N2SVCD_EDR_READER_SCRIPT /usr/share/n2rep/etc/nifi/n2svcd_reader.groovy The location of the Groovy script for parsing N2SVCD EDRs.
N2REPORTING_PG_DB_DRIVER /opt/nsquared/ocs/lib/postgresql-42.3.1.jar The location of the Java jar file for PosgreSQL JDBC connectivity.
N2REPORTING_PG_DB_URL jdbc:postgresql://127.0.0.1/n2reporting The full JDBC URL for the PostgreSQL n2reporting database.
N2REPORTING_PG_USERNAME n2reporting_writer The username to connect to the reporting database with.
N2REPORTING_PG_PASSWORD n2reporting_writer The database password to connect to the reporting database with.

The “N2ACD Service EDR Processing” Process Group

This process group will store raw EDRs identified as part of the ACD service into the n2acd.raw_json_edr database table. It will aggregate EDRs received such that one row per voice call is stored in the database table n2ad.summarised_edr.

N2SVCD EDR Parsing Process Group

See the reporting db node installation instructions for creating the reporting database, and the reporting database data model for details on the reporting tables themselves.

This process group relies on previous service determination. EDRs not belonging to calls processed by the N2ACD service are not expected to be processed by this process group.

This process group will:

  1. Store EDRs to the N2ACD reporting database raw_json_edr database table.
  2. Process EDRs to determine the purpose of the EDR and update the CDR record for the ACD call in the summarised_edr table.

Configuration

The following configuration is required for the N2ACD Service EDR Processing process group:

Parameter Default Value Purpose
N2ACD_EDR_READER_SCRIPT /usr/share/n2acd/etc/nifi/n2acd_reader.groovy The location of the Groovy script for additional N2ACD specific parsing of EDR data.
N2REPORTING_PG_DB_DRIVER /opt/nsquared/ocs/lib/postgresql-42.3.1.jar The location of the Java jar file for PosgreSQL JDBC connectivity.
N2REPORTING_PG_DB_URL jdbc:postgresql://127.0.0.1/n2reporting The full JDBC URL for the PostgreSQL n2reporting database.
N2REPORTING_PG_USERNAME n2reporting_writer The username to connect to the reporting database with.
N2REPORTING_PG_PASSWORD n2reporting_writer The database password to connect to the reporting database with.

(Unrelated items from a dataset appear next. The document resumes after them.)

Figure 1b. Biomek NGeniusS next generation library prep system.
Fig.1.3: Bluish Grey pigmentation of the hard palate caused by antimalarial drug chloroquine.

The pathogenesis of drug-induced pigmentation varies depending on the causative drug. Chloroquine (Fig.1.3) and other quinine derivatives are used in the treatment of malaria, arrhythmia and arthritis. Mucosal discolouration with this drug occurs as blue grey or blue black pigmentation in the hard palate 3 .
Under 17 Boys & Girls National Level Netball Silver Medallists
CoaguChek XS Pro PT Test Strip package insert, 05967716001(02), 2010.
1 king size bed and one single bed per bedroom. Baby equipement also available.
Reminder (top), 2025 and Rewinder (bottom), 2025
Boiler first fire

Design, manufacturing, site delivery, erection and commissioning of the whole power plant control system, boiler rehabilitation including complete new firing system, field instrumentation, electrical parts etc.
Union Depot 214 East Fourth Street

The “N2ACD DB Extract” Process Group

This process group extracts source data from the N2ACD service database into database tables stored in the n2acd schema. Each extract is timestamped, and multiple extracts will be stored (based on storage capacity and partitioning configuration)

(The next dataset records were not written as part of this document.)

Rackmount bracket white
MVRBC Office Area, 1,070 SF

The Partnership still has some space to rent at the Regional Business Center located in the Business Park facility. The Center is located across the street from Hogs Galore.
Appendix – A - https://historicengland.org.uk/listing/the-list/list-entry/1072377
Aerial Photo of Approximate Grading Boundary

N2ACD DB Extract process group

See the reporting db node installation instructions for creating the reporting database, and the reporting database data model for details on the reporting tables themselves.

This process group will:

  1. On a regular basis copy customer, service and flow data from the service database to the reporting databse.

Configuration

The following configuration is required for the N2ACD DB Extract process group:

Parameter Default Value Purpose
N2REPORTING_PG_DB_DRIVER /opt/nsquared/ocs/lib/postgresql-42.3.1.jar The location of the Java jar file for PosgreSQL JDBC connectivity.
N2REPORTING_PG_DB_URL jdbc:postgresql://127.0.0.1/n2reporting The full JDBC URL for the PostgreSQL n2reporting database.
N2REPORTING_PG_USERNAME n2reporting_writer The username to connect to the reporting database with.
N2REPORTING_PG_PASSWORD n2reporting_writer The database password to connect to the reporting database with.
N2ACD_SERVICE_DB_URL jdbc:postgresql://n2-p-acd-sms-01/n2in The full JDBC URL for the PostgreSQL n2in database with the n2acd service database schema.
N2ACD_SERVICE_DB_PG_USERNAME n2acd_owner The username to connect to the N2ACD SMS service database with.
N2ACD_SERVICE_DB_PG_PASSWORD n2acd_owner The database password to connect to the N2ACD SMS service database with.

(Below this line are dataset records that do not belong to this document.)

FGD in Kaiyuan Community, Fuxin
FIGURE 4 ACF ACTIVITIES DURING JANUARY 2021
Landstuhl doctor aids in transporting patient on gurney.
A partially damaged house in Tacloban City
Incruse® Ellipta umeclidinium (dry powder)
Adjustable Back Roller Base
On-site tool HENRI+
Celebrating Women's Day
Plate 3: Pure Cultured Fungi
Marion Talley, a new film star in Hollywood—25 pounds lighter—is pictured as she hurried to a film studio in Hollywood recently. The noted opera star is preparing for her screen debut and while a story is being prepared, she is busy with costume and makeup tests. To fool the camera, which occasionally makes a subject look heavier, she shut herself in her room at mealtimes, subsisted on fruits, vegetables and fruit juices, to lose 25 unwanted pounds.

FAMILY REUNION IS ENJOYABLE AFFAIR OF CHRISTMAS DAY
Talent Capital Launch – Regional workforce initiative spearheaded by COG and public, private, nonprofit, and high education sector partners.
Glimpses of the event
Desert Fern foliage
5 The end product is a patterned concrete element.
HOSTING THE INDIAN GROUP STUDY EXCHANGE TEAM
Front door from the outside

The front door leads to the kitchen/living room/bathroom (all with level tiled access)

NiFi Dataflow Installation

NiFI dataflow installation and configuration requires two steps:

  1. The import of process groups as templates, and then the creation of process groups from those templates.
  2. The installation-specific configuration of those process groups.

Importing Process Group Templates

Each process group template file is installed with the N2ACD SMS API package and can be found in the /usr/share/n2rep/etc/nifi and /usr/share/n2acd/etc/nifi directory on the reporting server. Import these process groups as NiFi templates, then create process groups from them.

File Description
N2SVCD_EDR_Parsing.xml A template for the N2SVCD EDR Parsing process group.
N2ACD_Service_EDR_Processing.xml A template for the N2ACD Service EDR Processing process group.
N2ACD_DB_Extract.xml A template for the N2ACD DB Extract process group

To upload a template:

  1. Right click on the canvas in the NiFI GUI and select Upload template.
  2. Select the template to upload from the local drive. This will be an xml file.
  3. Upload the template by accepting the selected file. If the template is uniquely named, the template will appear in the templates list.

Then to use a template:

  1. Using the Template Option from the header in NiFi, select the template to create a process group from by dragging the icon onto the canvas.
  2. Edit the new process group (right click the process group and select Configure) and in the General tab, configure the Process Group Parameter Context to be the process group parameter context (see below).
  3. If required, configure the password for any controller services that access the database.
  4. Enable each “Controller Services” service in the configuration for each progress group. Each controller needs to be enabled even if the controller requires no site-specific configuration.
  5. Enable the process group (right click and select Start).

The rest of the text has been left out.